Mai 2021,
Ancien correspondant de guerre, le romancier Arturo Pérez-Reverte est coutumier des fictions en contexte historique tourmenté. Publié fin 2020, Sabotage est le troisième et dernier volume d’une série consacrée à la guerre civile espagnole, dans les années trente. Son personnage principal, Lorenzo Falcó, est un agent secret à la solde des Nationalistes du Général Franco, dans la lutte sans merci qui les oppose aux Républicains, qui détiennent alors le pouvoir.
Les premiers sont soutenus par les partis européens d’extrême droite, parmi lesquels les fascistes de Mussolini et les nazis de Hitler. Les seconds, inféodés à l’URSS et aux partis communistes, se sont ouverts un second front en cherchant à exterminer les trotskistes, les gauchistes et les anarchistes du POUM, dont Staline ne supporte pas les critiques. Dans chaque faction, les exactions sont épouvantables et contribuent à une escalade sans fin des haines et des désirs de vengeance.

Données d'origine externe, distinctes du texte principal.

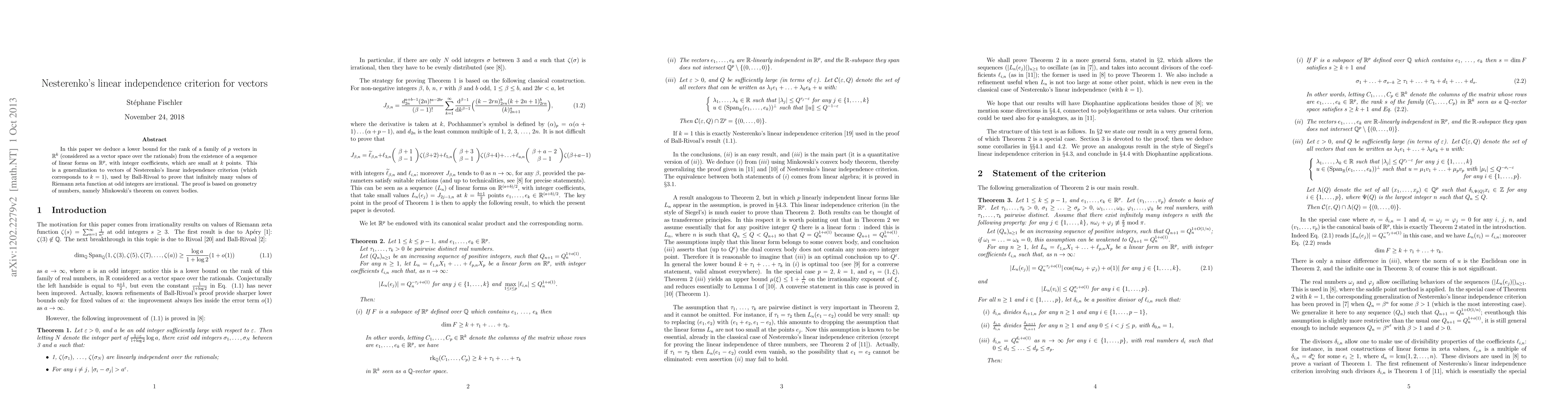 In this paper we deduce a lower bound for the rank of a family of $p$ vectors in $\R^k$ (considered as a vector space over the rationals) from the existence of a sequence of linear forms on $\R^p$, with integer coefficients, which are small at $k$ points. This is a generalization to vectors of Nesterenko's linear independence criterion (which corresponds to $k=1$), used by Ball-Rivoal to prove that infinitely many values of Riemann zeta function at odd integers are irrational. The proof is based on geometry of numbers, namely Minkowski's theorem on convex bodies.
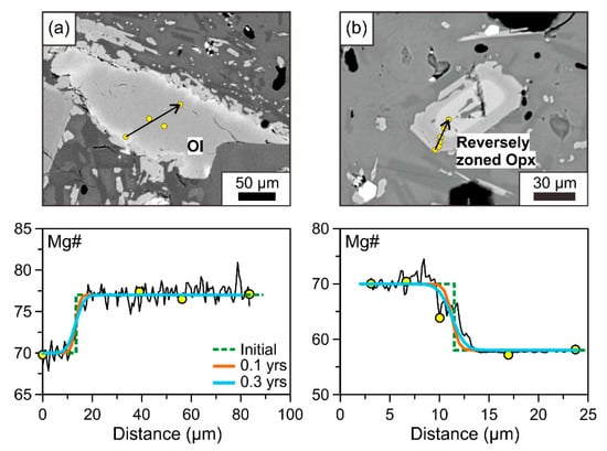 - Coombs, M.L.; Gardner, J.E. Reaction rim growth on olivine in silicic melts: Implications for magma mixing. Am. Mineral. 2004, 89, 748–758. [Google Scholar] [CrossRef]
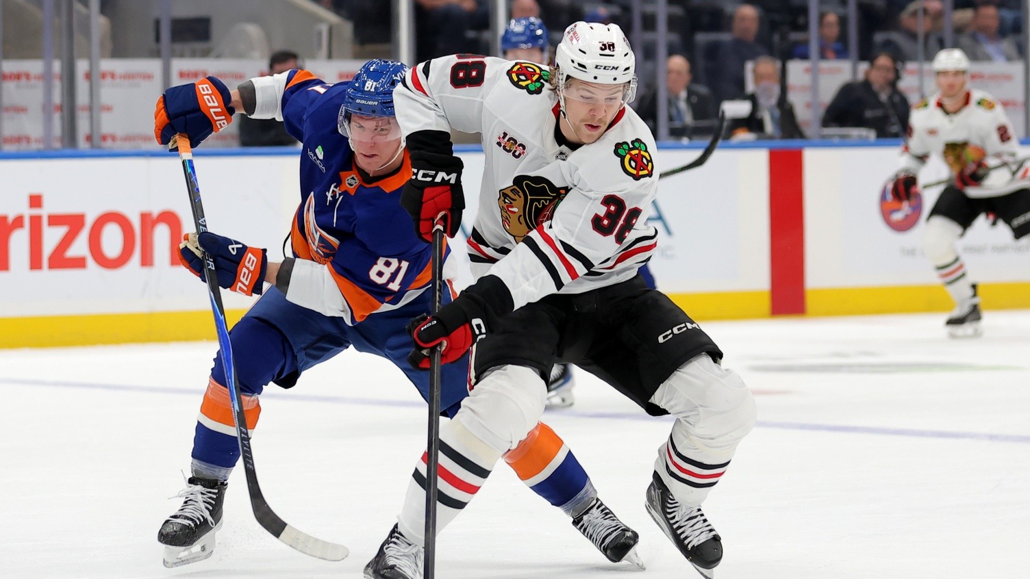 Islanders unable to erase poor first period in 4-3 loss to BlackhawksIsles were down 3-1 after the first period3/25/2026, 1:57 AMAssociated PressMar 24, 2026; Elmont, New York, USA; Chicago Blackhawks defenseman Ethan del Mastro (38) plays the puck against New York Islanders left wing Ondrej Palat (81) during the first period at UBS Arena. / Brad Penner-Imagn Images
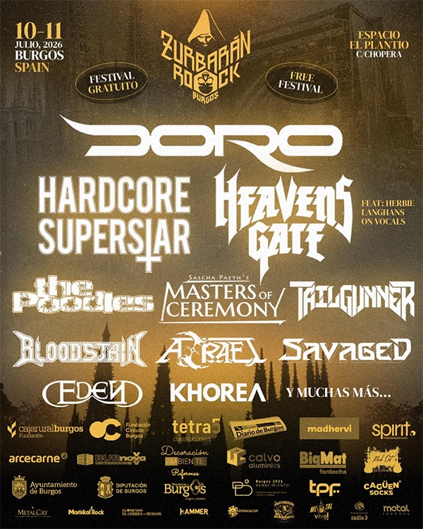 A la espera de que lleguen más nombres con los que se complete el cartel, la propuesta de Zurbarán Rock para 2026 queda por el momento con este impresionante aspecto en el camino hasta completar los 18 nombres en total: Doro, Hardcore Superstar, Heaven’s Gate, Sascha Paeth’s Master of Ceremony, The Poodles, Tailgunner, Azrael, Bloodstain, Savaged, Eden y Khorea.
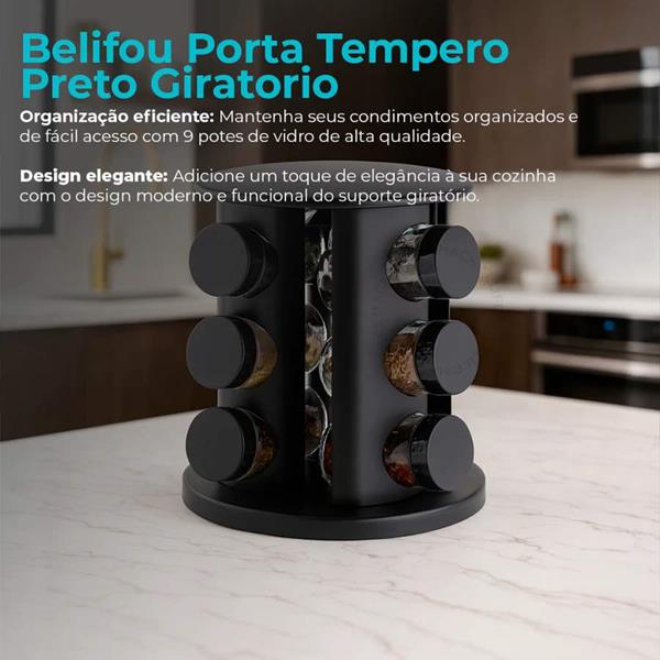 Praticidade giratória: O suporte giratório permite acesso rápido a todos os condimentos sem precisar tirar os potes do lugar.
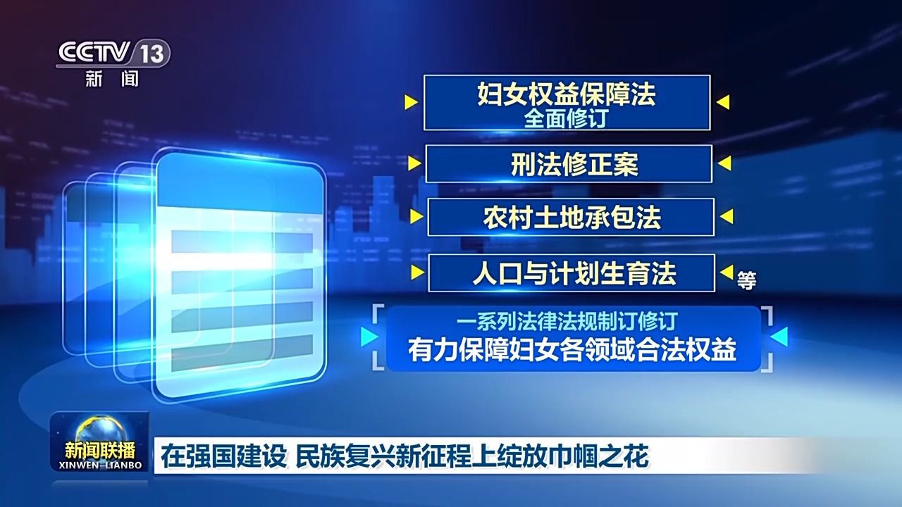 新時(shí)代,維護(hù)婦女權(quán)益,法治保障堅(jiān)實(shí)有力。首部民法典頒行,首部家庭教育促進(jìn)法實(shí)施,婦女權(quán)益保障法全面修訂,刑法修正案、農(nóng)村土地承包法、人口與計(jì)劃生育法等一系列法律法規(guī)制訂修訂,有力保障婦女各領(lǐng)域合法權(quán)益。
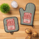 Personalised Family Retro Sardine Tin Stripes Oven Mitt & Pot Holder Set
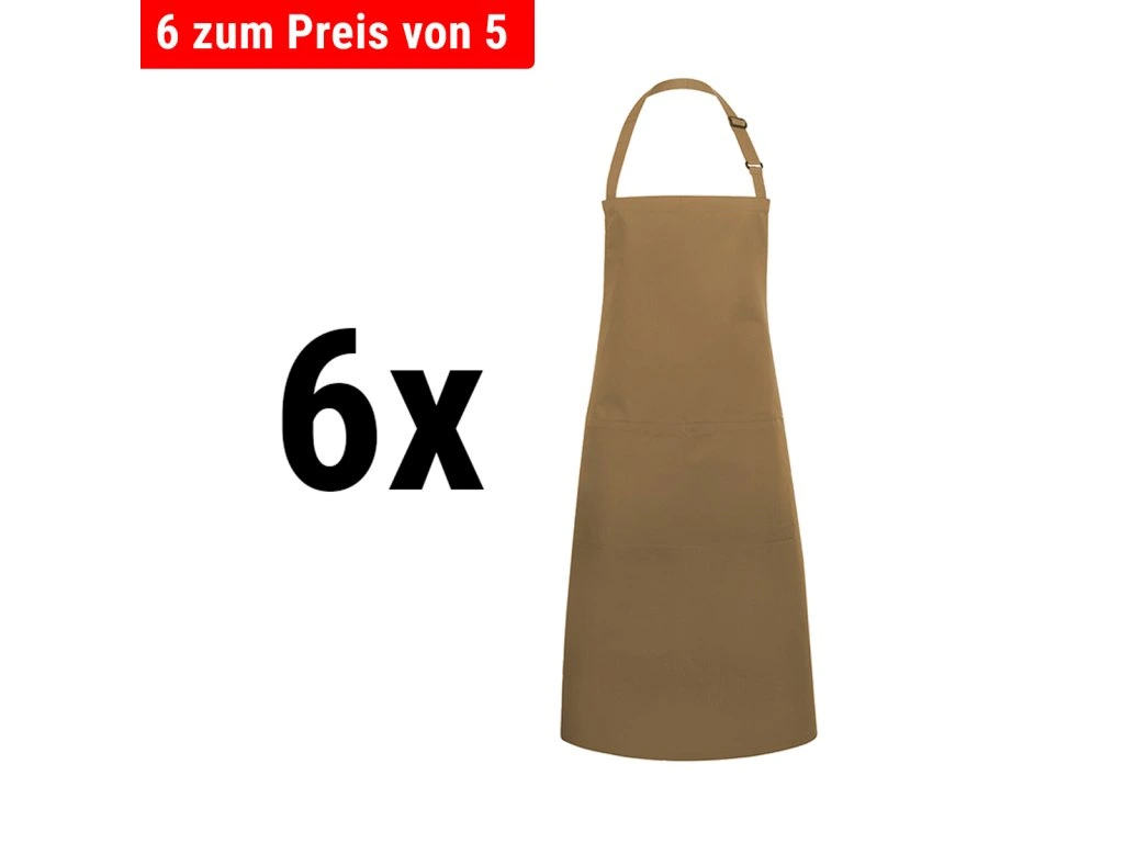 (6 sztuk) KARLOWSKY | Fartuch na szelkach z kieszenią Basic - Kamelowy
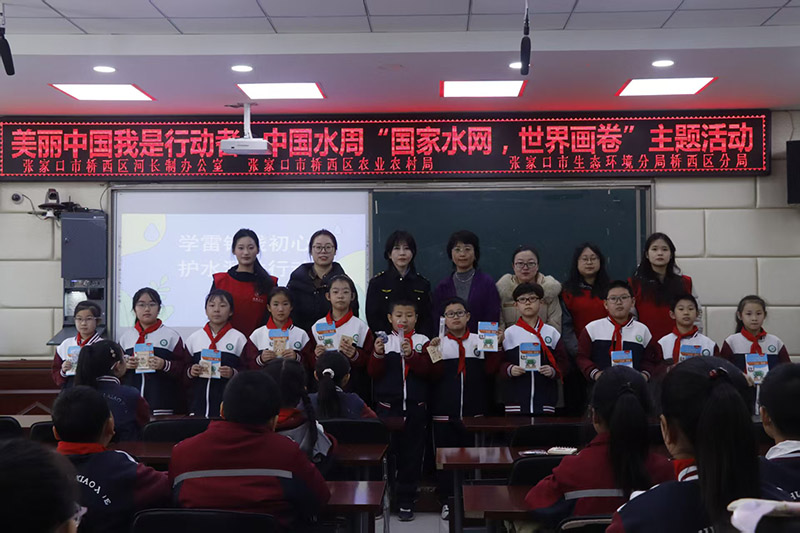 2026年3月22日是第三十四届“世界水日”,主题为“水与性别”;3月22至28日是第三十九届“中国水周”,主题为“国家水网 世纪画卷”。为提升公众生活饮水健康素养水平,深入推进健康环境促进行动和气候变化健康适应行动,3月20日,白鹭环保志愿者服务队联合张家口学院环境与旅游学院、张家口市桥西区农业农村局、张家口市桥西区河长制办公室、张家口市生态环境局桥西区分局,在张家口市桥西区逸夫回族小学组织开展了主题为“国家水网 世纪画卷”的宣传活动。

Dans Sabotage – que l’on peut lire indépendamment des volumes précédents de la série –, Falcó est envoyé en mission à Paris, sous l’identité d’un riche amateur d’art, avec un double objectif. Le premier est de discréditer un intellectuel français renommé, ayant acquis une réputation de héros romantique après avoir combattu en Espagne au sein des forces républicaines. Le second objectif a trait à l’inauguration prochaine de l’Exposition Universelle de 1937, à Paris. Depuis Madrid, le gouvernement (républicain) a décidé d’orner le pavillon espagnol d’une immense toile que Picasso serait en train de peindre en mémoire du martyre de Guernica, une petite ville bombardée par l’armée nationaliste appuyée par les avions nazis et fascistes. Falcó devra faire échec à ce projet en détruisant le tableau…
La personnalité de Falcó ne laisse pas indifférent. Tel que l’auteur le dépeint, cet agent secret est un quasi-surhomme, stratège, implacable, très habile au combat à main nue, grand séducteur de femmes, dans la lignée, donc, d’un 007, d’un OSS 117 ou d’un SAS, ces héros de mon adolescence. Mais si James Bond, Hubert Bonnisseur de la Bath et Malko Linge étaient tous trois des tueurs, ils intervenaient en combattants du monde libre, dans sa guerre froide contre le bloc soviétique. Pérez-Reverte n’attribue pas à Falcó cette vertu de « défenseur du Bien ». Les idéologies véhiculées par les deux camps laissent cet homme pareillement indifférent et s’il travaille pour les Nationalistes, c’est par habitude et parce que ses missions lui permettent de vivre comme il l’entend. C’est un mercenaire sans convictions, n’éprouvant jamais de bienveillance et ne s’intéressant à rien au-delà de ses plaisirs personnels ou de son intense goût du risque. Un être dont l’auteur a poussé les traits à l’excès, à la caricature, avec l’intention de le rendre odieux par son cynisme et par sa morgue.
En ces années de montée des nationalismes et d’extrémismes de tous bords, la lecture de Sabotage nous promène agréablement dans Paris. La capitale française reste un espace de liberté où se croisent mondains, fêtards, intellectuels, artistes, espions et escrocs en tous genres. Certains personnages du livre sont directement inspirés de célébrités de l’époque : André Malraux, Lee Miller, Peggy Guggenheim, Ernest Hemingway. On a aussi droit à la participation exceptionnelle du maître Pablo Picasso et de la diva Marlene Dietrich. Un casting de caractère, donnant lieu à quelques scènes savoureuses !
Les romans d’Arturo Pérez-Reverte déçoivent rarement. Ils n’atteignent pas au génie, mais les intrigues sont solidement construites et s’appuient sur des faits méticuleusement documentés. Les effets d’incertitude et de surprise sont bien amenés. Les scènes d’action sonnent juste. Les textes et les dialogues manquent parfois de consistance, mais le livre se laisse lire comme un bon polar, tout en donnant l’impression de ne pas perdre de temps à des futilités.